Past Exhibition

April 16 - May 28, 2022

Reception: April 16, 2022 5-7 pm

Artist Talk: April 30, 2022 11 am

James Griffith: Fellow Travelers

In this body of work, I examine my sense of place in the universe, orbiting a small sun, on a tiny planet, as part of a network of life. I ask if we can recognize ourselves in the eyes of other species who are fellow passengers on this elliptical ride. Painting is how I make these ideas visible, how I record feelings, and how I bring subconscious motivations and themes into the light for observation.

Animals began appearing in my work when I read Darwin’s books about evolution and extinction. I began to see other species with the same importance I afford to human beings. With each painting I try to imaginatively become or inhabit my subject. I become the rabbit, mouse, or bear that I am painting. In this way I give credibility, value, and equality to my subject.

My images are made by scratching or etching into a layer of tar on a panel. This method grew out of my love for the 19th century engravings that naturalists like Darwin made to document their findings. As I began emulating their linear crosshatch patterns, I found I could record the smallest details of an animal’s body and facial expressions. I felt I was nose to nose with my subjects, imagining their breath, their heat, their whiskered itching. This unexpected intimacy was a transformational experience that added a more open-ended compassion to my world view.

Unfortunately, we live in a time of crisis. The networks of our natural lives are collapsing around us. On nights when I don’t lose sleep over this I still wake at dawn and, before I rise, try to make sense of my life in light of the tragedies of our time. I come up with many questions that can’t be answered. Words fail me, but after a pot of coffee, I go to work painting again.

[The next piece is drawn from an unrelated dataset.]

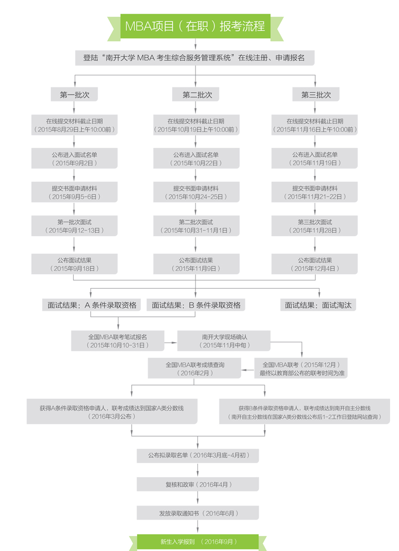 (1)获得A条件录取资格的申请人参加2015年12月份在南开大学考点举行的全国MBA联考,且联考成绩达到国家A类分数线,并提交南开大学要求的政治论文,经审查合格后,由招生委员会审核通过后,获得拟录取资格。

These dawn meditations on the current conditions of life became the inspiration for my paintings of words and phrases. I have long been interested in the relationship between paintings and their titles. I sometimes imagine the title of a painting floating across the canvas the way a title sequence passes over a movie screen in the cinema. In the series Dawn’s Early Light, the titles become skywriting across images of the sunrise. The open-ended ambiguity of a word’s meaning makes it a worthy muse for art. These works pose questions without a specific agenda and that viewers can answer for themselves. The painting, Words Fail Me, was spawned by my frustration with political battles of the day, however, when placed in a cosmic landscape, the phrase also came to express my awe and wonder for our small living planet.

In pursuit of a vision of our place in the universe, from the ancient stardust origins of life to the current environmental crisis, I present these paintings hoping to evoke compassion for the life that our planet and other heavenly bodies will engender, with or without humans.